Wednesday, October 15, 2014

Relationships a Mess Worth Making: Obstacles


When I think of an obstacle I think of an immovable object. I don't know why, I just imagine an impenetrable wall. When I searched Google for the definition I found several definitions all of them were similar but this one seemed well suited to our discussion.


"An obstacle (also called a barrier, impediment or stumbling block) is an object, thing, action or situation that causes an obstruction." 

This chapter is aptly titled "Obstacles" and in it we discuss conflict with others.

Ahhhh, Conflict, would that the world were free of this thing called conflict. Again, my trusty friend Google: "To come into collision, or disagreement; to be contradictory, at variance, or in opposition; clash." When I hear the word "conflict" it brings to my mind images of gladiator's crashing into one another, not people having a conversation where they disagree, but doesn't it feel that way sometimes when you'e having a disagreement? Your words literally clash with the other person and soon it seems that you are embattled.

C.S.Lewis in his book 'Mere Christianity' said, "On the one hand we must never imagine that our own unaided efforts can be relied on to carry us even through the next twenty-four hours as "decent" people. If He does not support us, not one of us is safe from some gross sin. On the other hand, no possible degree of holiness or heroism which has ever been recorded on the greatest saints is beyond what He is determined to produce in every one of us in the end. The job will not be completed in this life: but He means to get us as far as possible before death."

Let that sink in for just a moment.
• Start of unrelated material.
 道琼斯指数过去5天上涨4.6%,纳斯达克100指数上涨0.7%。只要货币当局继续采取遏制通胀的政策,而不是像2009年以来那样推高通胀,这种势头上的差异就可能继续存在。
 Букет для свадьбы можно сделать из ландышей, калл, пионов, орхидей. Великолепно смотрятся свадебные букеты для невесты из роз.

On our own, unaided by God we would be guilty of who knows what sin...just let your mind wander to what you thought of and the Holy Spirit controlled in you just this morning. Now consider the greatest Christian you have ever read about or heard of. C. S. Lewis is saying that God is determined to produce THAT same character in EACH of us and that He will not cease working on and in us until we leave this place and stand before Him.

How awesome is that??

The authors tell us that conflict with others is one of God's mysterious, counterintuitive ways of rescuing us from ourselves. Rarely do we view trials as a positive thing until after they are over. My sister, Theresa used to tell me hindsight is ALWAYS 20/20.
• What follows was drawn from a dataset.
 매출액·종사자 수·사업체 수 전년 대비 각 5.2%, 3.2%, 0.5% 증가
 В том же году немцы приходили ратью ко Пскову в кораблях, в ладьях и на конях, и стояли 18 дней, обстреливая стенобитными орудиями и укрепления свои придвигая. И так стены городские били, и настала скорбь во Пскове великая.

The authors describe a conflict between two friends, see if you recognize yourself in the situation:

Ashley and Hannah had worked side by side for years in a campus ministry. They loved what they did and they loved doing it together. One of the women though had been slowly seeking to undermine the other woman's relationship with the students. Hannah wanted to be seen as the one who was more capable and in charge. To be blunt, she wanted the students to like and admire her more than they liked and admired Ashley. Now, Ashley felt as though things had gotten out of control, so she set an appointment to meet with Hannah. However, when Ashley began the meeting she immediately accused Hannah of talking negatively about her behind her back to students. "I can't believe you would talk that way about me behind my back! I have never done anything to you and I  never would." Ashley's hurt feelings had boiled over into anger and accusation. Hannah denied everything. "I can't believe you would accuse me of saying those things to other people. I thought or friendship was stronger than that. How come you have held on to this for five years? Why didn't you come to me sooner?"
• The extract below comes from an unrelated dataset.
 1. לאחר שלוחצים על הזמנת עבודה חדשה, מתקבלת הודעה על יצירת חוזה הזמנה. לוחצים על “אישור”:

At first blush knowing that Hannah wanted to be seen as more capable and in charge you may be leaning toward Ashley's "side" in this matter, but the reality of what happened is far more complex. Proverbs 18:17 tells us, "He who states his case first seems right, until his rival comes and cross-examines him." Hannah DID make a comment to someone who did not care for Ashley, but it was not meant to be malicious. It was a comment made in exasperation at how "task-orientated" Ashley could be and how at times was difficult to live with her. This remark, as with all gossip was repeated over and over again and took on a life of its own until it reached Ashley, and you can bet it resembled nothing of the original comment. Ashley WAS task oriented. Why do you think that was? When a person wants to control every aspect of everything around them it is a sin.

So, what do you do when you find yourself in a similar situation? Do you run away or do you confront it head on? If you DO confront it head on HOW do you confront it? Do you march in there like gangbusters and start hollering and accusing the person of debasing your character?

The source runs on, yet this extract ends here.